This paper considers the good-case latency of Byzantine Reliable Broadcast (BRB), i.e., the time taken by correct processes to deliver a message when the initial sender is correct. This time plays a crucial role in the performance of practical distributed systems. Although significant strides have been made in recent years on this question, progress has mainly focused on either asynchronous or randomized algorithms. By contrast, the good-case latency of deterministic synchronous BRB under a majority of Byzantine faults has been little studied. In particular, it was not known whether a good-case latency below the worst-case bound of \(t+1\) rounds could be obtained. This work answers this open question positively and proposes a deterministic synchronous Byzantine reliable broadcast that achieves a good-case latency of \(\textsf{max} (2,t+3-c)\) rounds (or equivalently \(\textsf{max} (2,f+t+3-n)\)), where t is the upper bound on the number of Byzantine processes, \(f\le t\) the number of effectively Byzantine processes, and \(c=n-f\) the number of effectively correct processes. The proposed algorithm does not put any constraint on t, and assumes an authenticated setting, in which individual processes can sign the messages they send, and verify the authenticity of the signatures they receive.

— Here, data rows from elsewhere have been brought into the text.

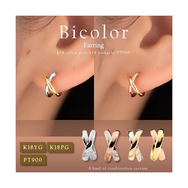ピアス レディース フープピアス 幅広 細 太 k18 18k 18金 PT900 ピンクゴールド プラチナ バイカラーピアス コンビカラー ミックスカラー キャッチレス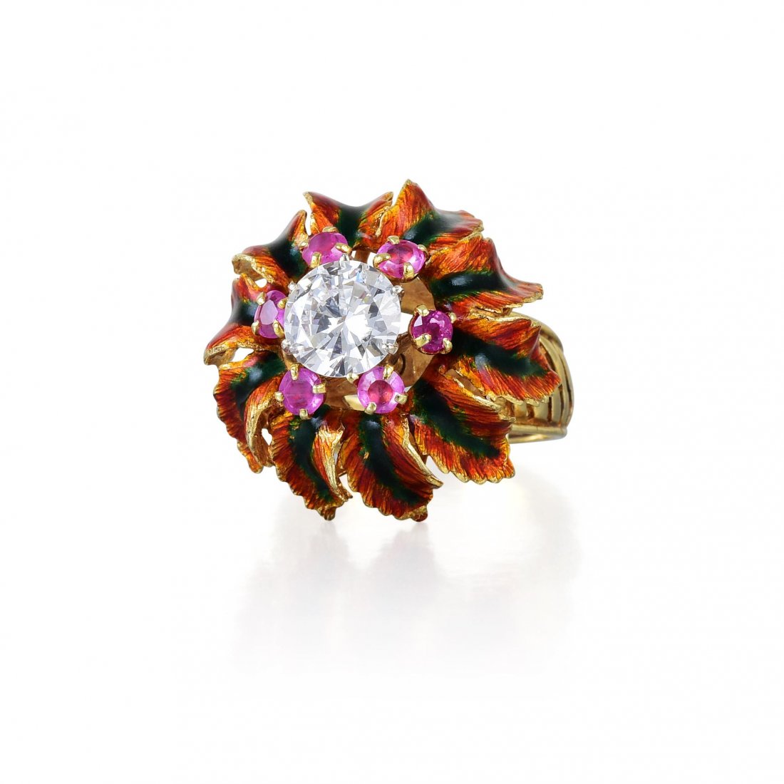 SoldRUBY, EMERALD, AND DIAMOND FLOWER BYPASS RINGRUBY, EMERALD, AND DIAMOND FLOWER BYPASS RING Containing one round mixed cut ruby, one round mixed cut emerald and 24 round brilliant cut diamonds weighing approximately 1.05 carats total. Mounted inSee Sold Price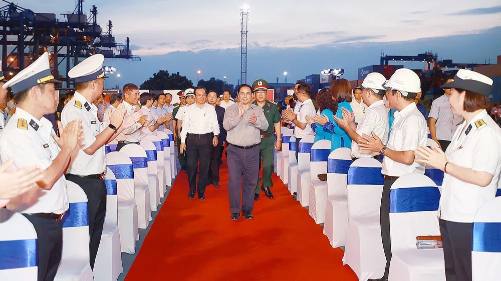 Thủ tướng Phạm Minh Chính, Bí thư Thành ủy TPHCM Nguyễn Văn Nên đến dự lễ phát lệnh thực hiện chuyến hàng đầu năm của Tổng Công ty Tân Cảng Sài Gòn. Ảnh: TTXVN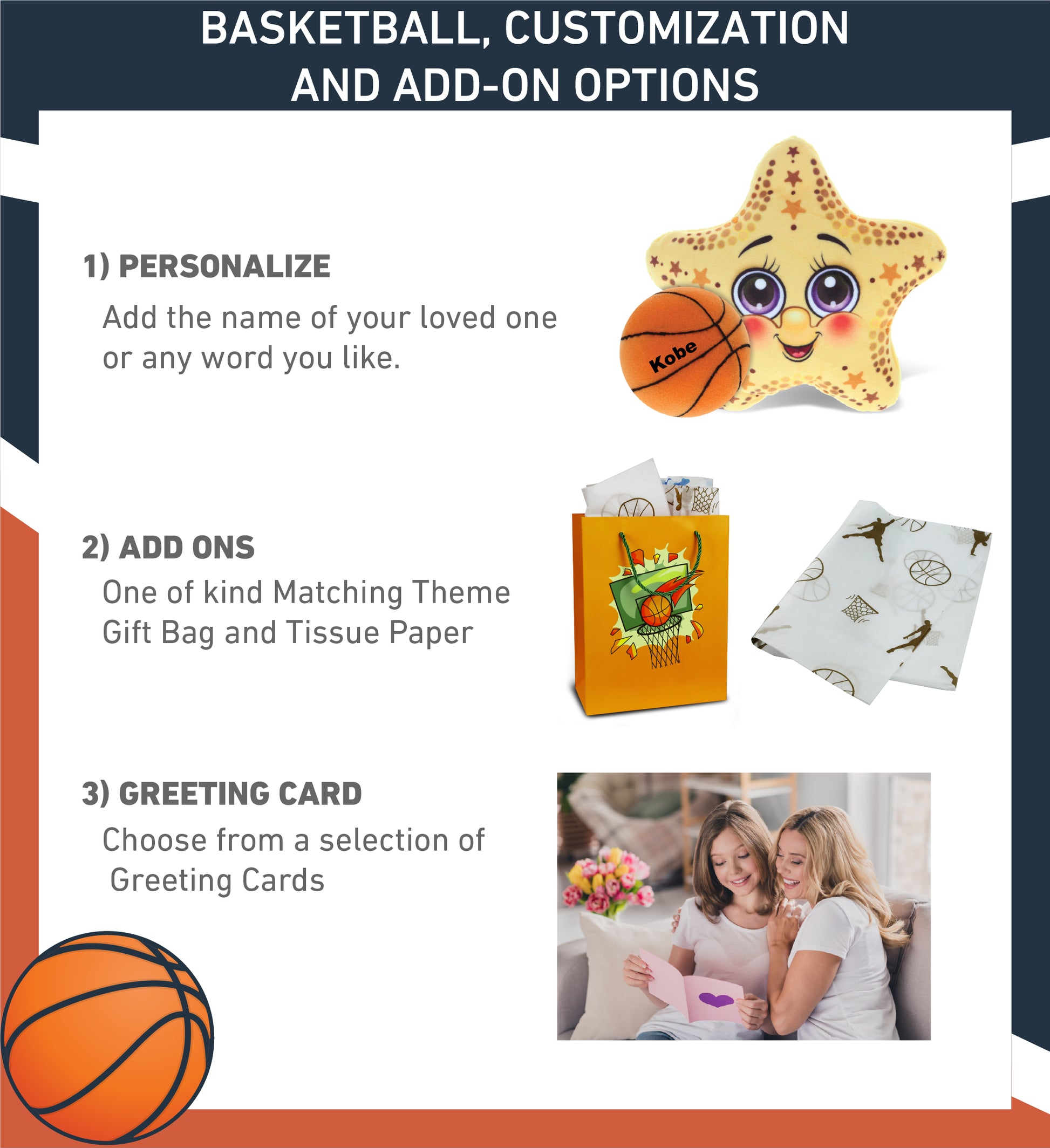 Personalization, Customization, and Add-on Options - The Super Soft Sports Stuffed Animal Plush Buddies Starfish comes customized with a basketball plush. You can personalize your starfish plush toy with the name of your loved one, which we will imprint on the item. You also have the option to add some or all of the cool add-ons to make your plush gift extra special: 1) Gift Bag; 2) Tissue Paper; 3) Greeting Card.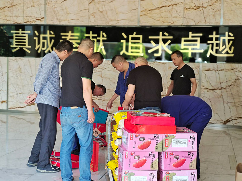 在慰问品发放现场,一份份礼品被整整齐齐地堆放着,各部门分别派了代表有序领取,场面十分热闹和喜庆。无论是象征团圆的月饼、还是象征丰收的水果和沉甸甸的大米,每一份都载满了深深祝福,寄托着公司对每一位员工的关爱。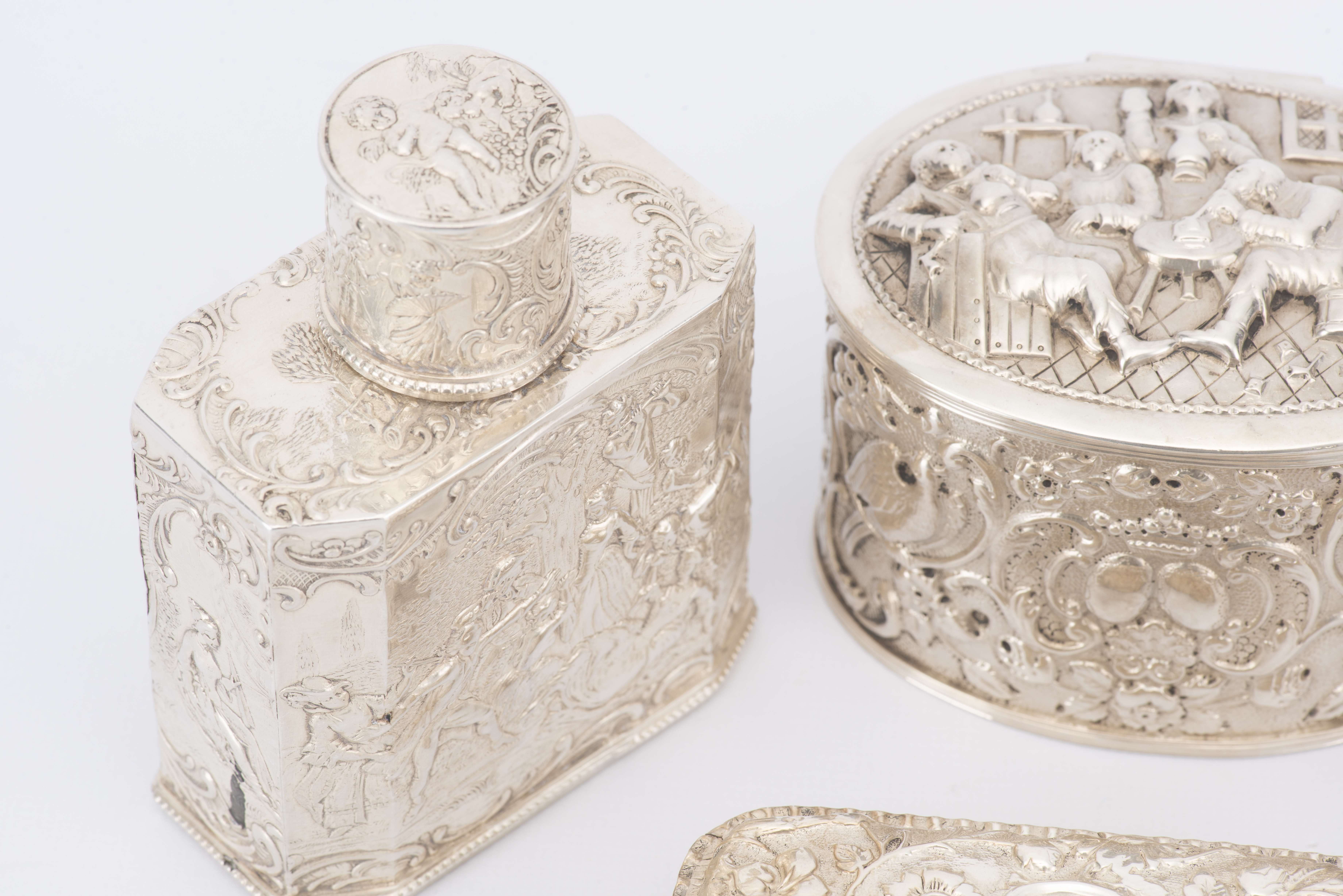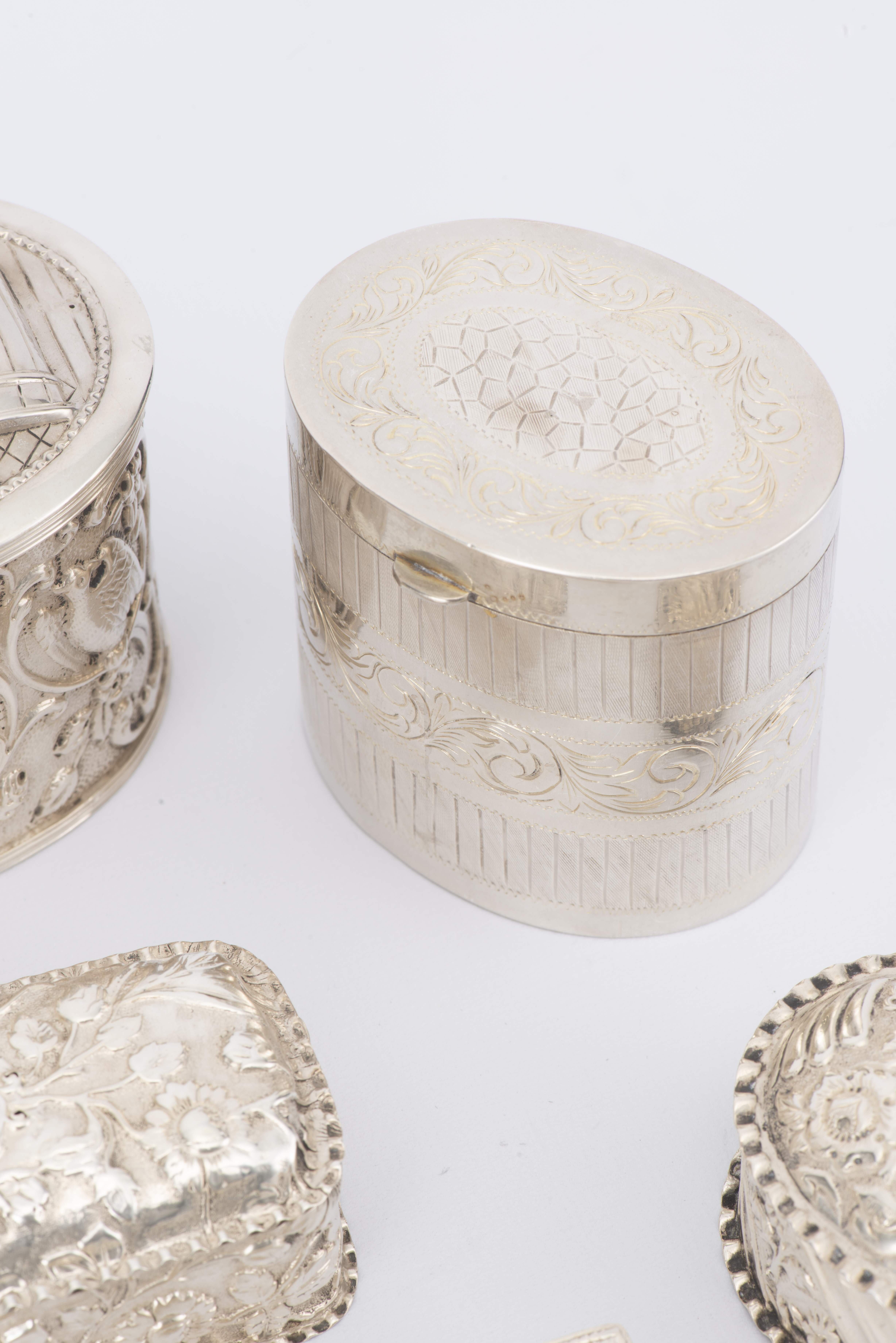 Lot de six boîtes en argent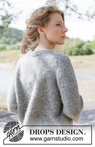 Knitted jacket in 1 strand DROPS Melody or 2 strands DROPS Brushed Alpaca Silk. Piece is knitted top down in stocking stitch with European yoke, rolling edge and i-cord. Size XS – XXXL.

本文考虑了拜占庭可靠广播（BRB）的良好情况延迟，即当初始发送者正确时正确进程传递消息所花费的时间。这个时间对于实际分布式系统的性能起着至关重要的作用。尽管近年来在这个问题上取得了重大进展，但进展主要集中在异步或随机算法上。相比之下，大多数拜占庭故障下确定性同步 BRB 的良好情况延迟却很少被研究。特别是，尚不清楚是否可以获得低于\(t+1\)轮最坏情况界限的好情况延迟。这项工作积极回答了这个悬而未决的问题，并提出了一种确定性同步拜占庭可靠广播，可以实现\(\textsf{max} (2,t+3-c)\)轮（或等效\(\textsf{ max} (2,f+t+3-n)\) )，其中t是拜占庭进程数量的上限，\(f\le t\)是有效拜占庭进程的数量，\(c= nf\)有效正确进程的数量。所提出的算法不对t施加任何限制，并假设经过身份验证的设置，其中各个进程可以对它们发送的消息进行签名，并验证它们接收的签名的真实性。